Part of this depends on how the code is used -- if it is a method available only within a project vs. a public API, for example. API error checking requires something stronger than an assertion.

So while this is fine within a project where it's supported with unit tests and stuff like that:

internal void DoThis(Something thing)
{
    Debug.Assert(thing != null, "Arg [thing] cannot be null.");
    //...
}

in a method where you don't have control over who calls it, something like this may be better:

public void DoThis(Something thing)
{
    if (thing == null)
    {
        throw new ArgumentException("Arg [thing] cannot be null.");
    }
    //...
}
djuth
thing is not a pointer so can't be NULL!
Martin York
Code appears to be a C# example so Something is likely a nullable-reference.
James Schek
Yep, it's C# so thing can certainly be null.
djuth
A: 

Lower level code should check use from higher level code. Usually this means checking arguments, but it can mean checking return values from upcalls. Upcall arguments need not be checked.

The aim is to catch bugs in immediate and obvious ways, as well as documenting the contract in code that does not lie.

Tom Hawtin - tackline
+4  A: 

NULL checking in general is evil as it's add a small negative token to the code testability. With NULL checks everywhere you can't use "pass null" technique and it will hit you when unit testing. It's better to have unit test for the method than null check.

Check out decent presentation on that issue and unit testing in general by Misko Hevery at http://www.youtube.com/watch?v=wEhu57pih5w&amp;feature=channel

Nazgob
+2  A: 

Personally I think null testing is unnnecessary in the great majority of cases. If new fails or malloc fails you have bigger issues and the chance of recovering is just about nil in cases where you're not writing a memory checker! Also null testing hides bugs a lot in the development phases since the "null" clauses are frequently just empty and do nothing.

Richard Riley
+2  A: 

While it's hard to retrofit into an existing application, I label all null checking is bad code. Null checking can be avoided entirely by setting up your system to drive off lazy loading and dependency injection.

Chris Marisic
didn't really understand what was said
n-alexander
+5  A: 

It depends on the situation. The rest of my answer assumes C++.

  • I never test the return value of new since all the implementations I use throw bad_alloc on failure. If I see a legacy test for new returning null in any code I'm working on, I cut it out and don't bother to replace it with anything.
  • Unless small minded coding standards prohibit it, I assert documented preconditions. Broken code which violates a published contract needs to fail immediately and dramatically.
  • If the null arises from a runtime failure which isn't due to broken code, I throw. fopen failure and malloc failure (though I rarely if ever use them in C++) would fall into this category.
  • I don't attempt to recover from allocation failure.
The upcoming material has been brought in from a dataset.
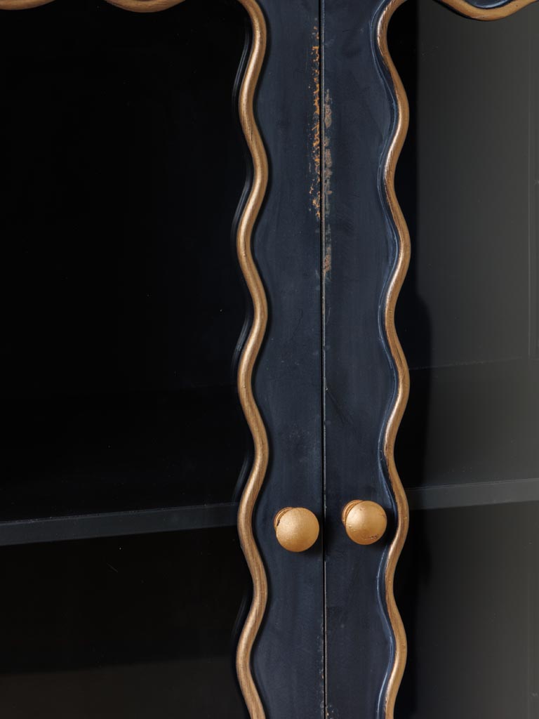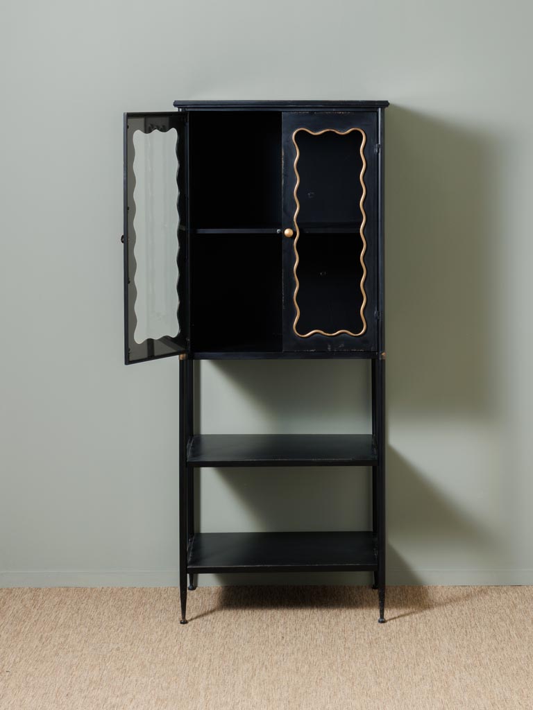 Le design de l’étagère Sagan est marqué par sa structure en métal noir qui soutient des étagères en verre délicatement encadrées de doré. Ce mariage de matériaux crée une pièce à la fois solide et aérienne, capable de mettre en valeur vos objets décoratifs tout en permettant une vue dégagée grâce aux étagères en verre. La couleur noir du métal ajoute une touche de modernité et de sophistication, tandis que le doré du cadre accentue l’aspect luxueux et classique du meuble. Ce design permet à l’étagère de se fondre parfaitement dans un environnement de déco vintage, tout en ajoutant une note de glamour et de distinction.

Bad_alloc gets caught in main().
  • If the null test is for an object which is collaborator of my class, I rewrite the code to take it by reference.
  • If the collaborator really might not exist, I use the Null Object design pattern to create a placeholder to fail in well defined ways.
fizzer
+3  A: 

Older versions of Microsoft C++ (and probably others) did not throw an exception for failed allocations via new, but returned NULL. Code that had to run in both standard-conforming and older versions would have the redundant checking that you point out in your first example.

It would be cleaner to make all failed allocations follow the same code path:

if(obj==NULL)
    throw std::bad_alloc();
Mark Ransom
+1  A: 

I don't think it's bad code. A fair amount of Windows/Linux API calls return NULL on failure of some sort. So, of course, I check for failure in the manner the API specifies. Usually I wind up passing control flow to an error module of some fashion instead of duplicating error-handling code.

Paul Nathan
+1  A: 

I'd say it depends a little on your language, but I use Resharper with C# and it basically goes out of it's way to tell me "this reference could be null" in which case I add a check, if it tells me "this will always be true" for "if (null != oMyThing && ....)" then I listen to it an don't test for null.

dlamblin
FindBugz in java provides much the same support in terms of warning "missing" and "unneccessary" null checks.
Bill Michell
+1  A: 

If I receive a pointer that is not guaranteed by language to be not null, and am going to de-reference it in a way that null will break me, or pass out put my function where I said I wouldn't produce NULLs, I check for NULL.

It is not just about NULLs, a function should check pre- and post-conditions if possible.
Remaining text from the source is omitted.